WASHINGTON (AP) — A general and 11 other people associated with a U.S. Army biodefense laboratory face potential punishment for leadership, management and technical failures that an Army report says contributed to the mistaken shipment of live anthrax to other labs over a period of years.
The report released Friday named Brig. Gen. William E. King, who commanded the lab at Dugway Proving Ground in Utah as a colonel between 2009 and 2011, faulting him for actions that “perpetuated a complacent atmosphere” among lab workers.
The report’s findings were first reported by USA Today.
The lab came under public scrutiny when it was disclosed in May 2015 that live anthrax had been shipped to 194 other labs, including facilities in all 50 U.S. states and nine countries. The anthrax was supposed to have been killed before leaving Dugway.
The report called the inadvertent shipment of live anthrax “a serious breach of regulations” but said it did not pose a risk to public health. “Over the years, significant safeguards effectively ensured that the inadvertent shipments were not a threat.”
Dugway works with biological and chemical agents.
The report said investigators could not pin blame for the lapses on any individual, but it said the Army should consider holding King and the 11 others accountable. The Army has not yet taken disciplinary action against any of them.
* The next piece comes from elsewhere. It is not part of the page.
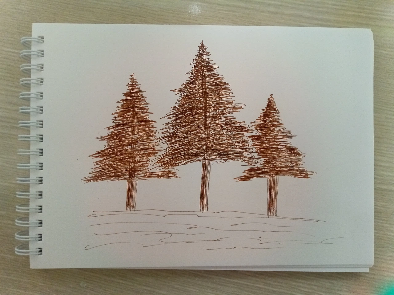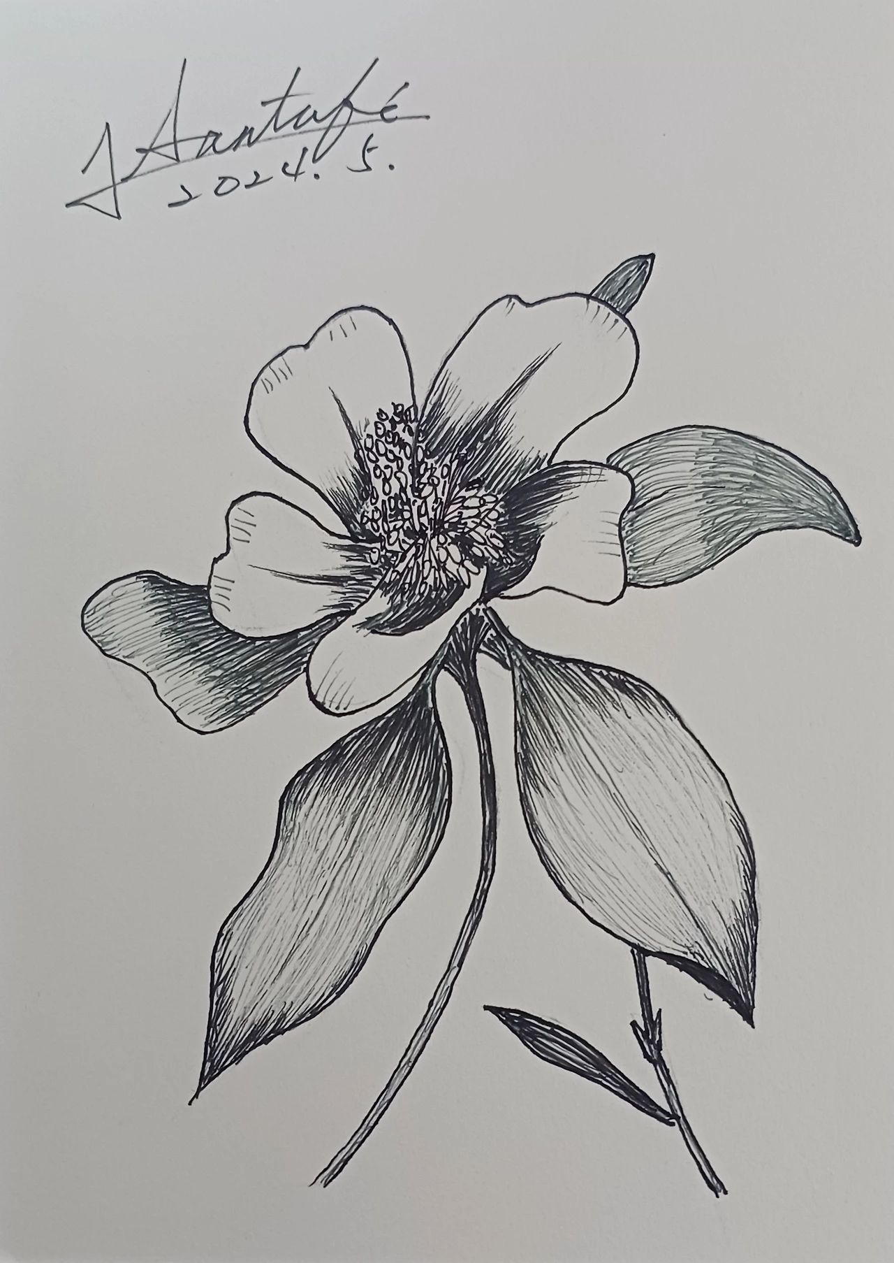 내가 선택한 그림은 나무. 다양한 나무가 있지만 유튜브 쥔장이 하두 쉽다고 하기에 속는 셈 치고 선택했다. 우선 형태를 잡기 위해 연필로 테두리 만들어주기. 그런데 처음부터 쉽지 않다. 테두리를 그려서 그럴듯한 형태를 만들어야 하는데 자꾸 이상한 모양새가 나온다. 분명 잎사귀 부분을 뭉뚱그려서 삼각형을 그리고 줄기 부분은 조금 삐뚤삐뚤한 모습으로 만들라고 했는데 도화지에 그려진 모습은 자꾸만 네모난 작은 상자 위에 정삼각형이 올라있는 모양새다. 쬐그마한 핸드폰의 그림을 보면서 지웠다가 다시 테두리를 잡기를 몇 번이고 반복을 하다가 겨우 이 정도면 되지 않았냐며 극적 합의를 이루어냈다. 두 번째 단계로 나무 꼭대기에서 시작하여 아래로 내려오며 가지와 잎사귀 부분을 표현하는데 중요한 포인트는 선을 길게 긋지 말고 처음부터 끝까지 한 번에 그린다는 각오로 손을 부들부들 떨면서 지랄발광을 하란다. 절대 삼각형을 벗어나지 않아야 한다는 안내와 함께 내 손은 거침없이 부들부들 떨기 시작했다. 어? 근데 이게 왜 되는 거지? 설명해 준 그대로 따라 했을 뿐인데 제법 있어 보이는 그림이 되었다. 내친김에 이번엔 꽃 그림이다. 또 되네? 거참, 신기한 일일세. 혹시 나 금손?

The names of the 11 other individuals were blacked out in the publicly released report. It described them as a combination of military officers and others, including laboratory technicians who “failed to exercise due care.”
After leaving Dugway, King was promoted to brigadier general and is now commander of the 20th Chemical, Biological, Radiological, Nuclear, Explosives Command. A phone message left with his public affairs office requesting comment on the report’s findings was not returned.
At a Pentagon news conference Friday, Maj. Gen. Paul A. Ostrowski, who led the Army probe, said a combination of factors led to the mistaken shipments of live anthrax. These include “gaps in science,” such as a lack of research on the effectiveness of using gamma irradiation to kill anthrax spores, which was the method used at Dugway.